The RAND Corporation studied their own 2000 academic quality statisticians and researchers, and they found that even with generous vacation time (through the traditional accrued vacation days practice), most researchers were so engrossed in their work that they still didn't take their vacation.

They then analyzed their people and found that those who did take their vacation performed better than those who didn't.

Subsequently, they wanted to figure out how to incentivize people to take vacation, so they instituted sabbatical pay. Specifically, they pay employees a bonus to take vacation.

In contrast, I work at a startup with unlimited vacation, and plenty of employees are at risk of burnout because they rarely take their vacation -- ultimately hurting the company along with themselves.

In the financial sector, vacation is a fraud control. Reshuffling job duties makes it easier for others to discover your misconduct, and temporarily suspending your access makes it harder for you to cover it up.

it would seem this would mostly only work if the vacation was imposed randomly. otherwise you have plenty of time to plan it.

Even limiting the scope to things that can be covered up with some lead time is a benefit.

My mother worked in banking, and was required to take a consecutive two week block of vacation. I believe the idea was that any fishy financial sruff would likely come up during such an extended time off.

LinkedIn does this and it is great. Christmas week and July 4th week, the majority of the company shuts down.

This is addition to "unlimited" vacation. I don't tend to account for the shutdowns as coming out of my mental pool of vacation time that I like to take every year.

What people don't usually realise though, is that a shutdowns is very refreshing because you are not missing decisions and meetings etc. It means you can truly disconnect for 2 weeks. When vacationing at other times, the business it leaping forward and like it or not there is a draw to keep a finger on it.

One of the issues with 'unlimited' vacation is that when you leave your employment you don't have any carryover anymore so the company doesn't pay you for unused vacation.

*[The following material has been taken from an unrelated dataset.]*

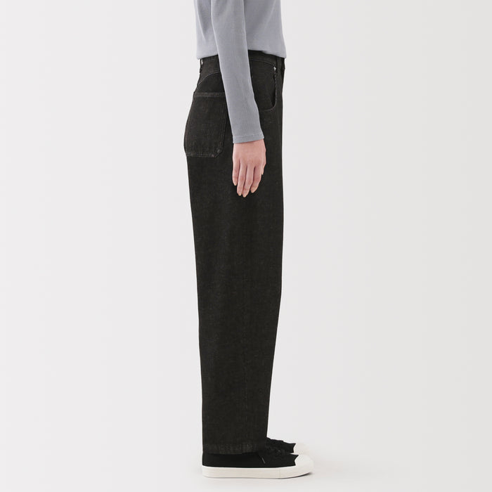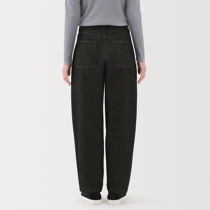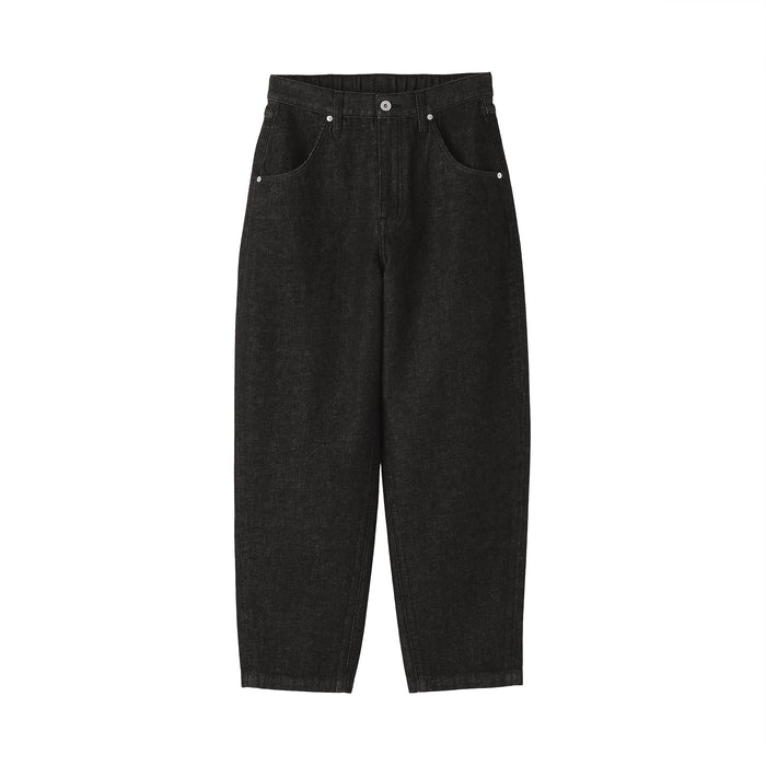 These denim pants are made from a blend of organic cotton and kapok fibers, making them lightweight and comfortable. The legs have a loose and subtle curved silhouette that tapers at the ankle for a fit that is both comfortable and flattering on any body type.
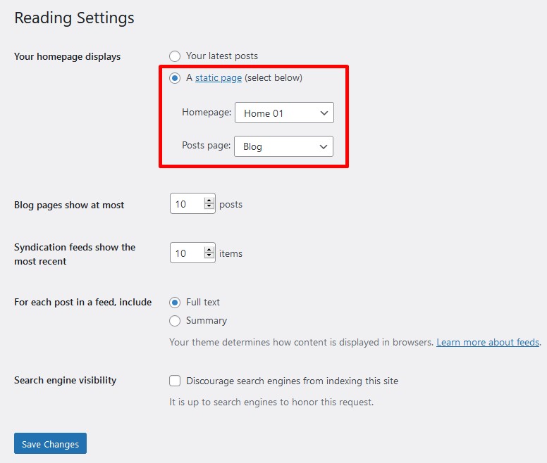 3. Set a page as home page and posts page (blogs)

that's a design goal - not taking vacation is an intended (not unintended as this article claimed) byproduct.

I know this because my wife worked at a "unlimited time off" company, and even though she gave them a heads up before accepting that she took a month or more vacation a year, when she did that they turned around and had an all hands about it was being abused.

My opinion on unlimited time off: if I can't say "I'm taking a year long vacation" you need to give a finite limit. Nom company would agree to this because unlimited time off is deliberately to avoid liability for earned income.

I’m not sure it’s an “issue” but it’s certainly the case that in situations where employees move around on the order of 12 months or so, such policies will tend to reduce salaries a bit.

I’m not against untracked time but it needs to be implemented in concert with hard minimums and a culture that is accepting of people taking time off.

This was addressed in the article I think

> What about the person who heard your explanation of “just get your work done” as “if you’re highly productive, this is a part-time job with full-time pay?”

What about them. Maybe they are highly productive because they are "part-time"?

Sounds like a good problem to have to me.

One problem is that such people will the occasionally not get the job done, but have committed fully to the “part time” part, so they’ll continue a low effort schedule but not hit the targets. Other times they’ll get their parts done but be really har to get a hold of for other employees which might impede them. Sometimes you’ll just have issues with other employees being angry that they seemingly make the same but put in a lot more effort which tanks the moral of all the other employees. Tons of other issues come up.

It really shouldn’t be difficult to grasp that a full time employee working only part time is a problem, even if they are talented.

> One problem is that such people will the occasionally not get the job done, but have committed fully to the “part time” part, so they’ll continue a low effort schedule but not hit the targets.

If they weren't highly productive, they'd work the 40 hours and not meet their targets. Seems like the same situation except manager wants a butt in a seat.

> Other times they’ll get their parts done but be really har to get a hold of for other employees which might impede them.

Then they aren't really getting them done. There should be docs and enough information for someone else to interact and build off their work. The sync culture of butts in seats promotes high levels of tribal knowledge and over the mid to long run hurts velocity.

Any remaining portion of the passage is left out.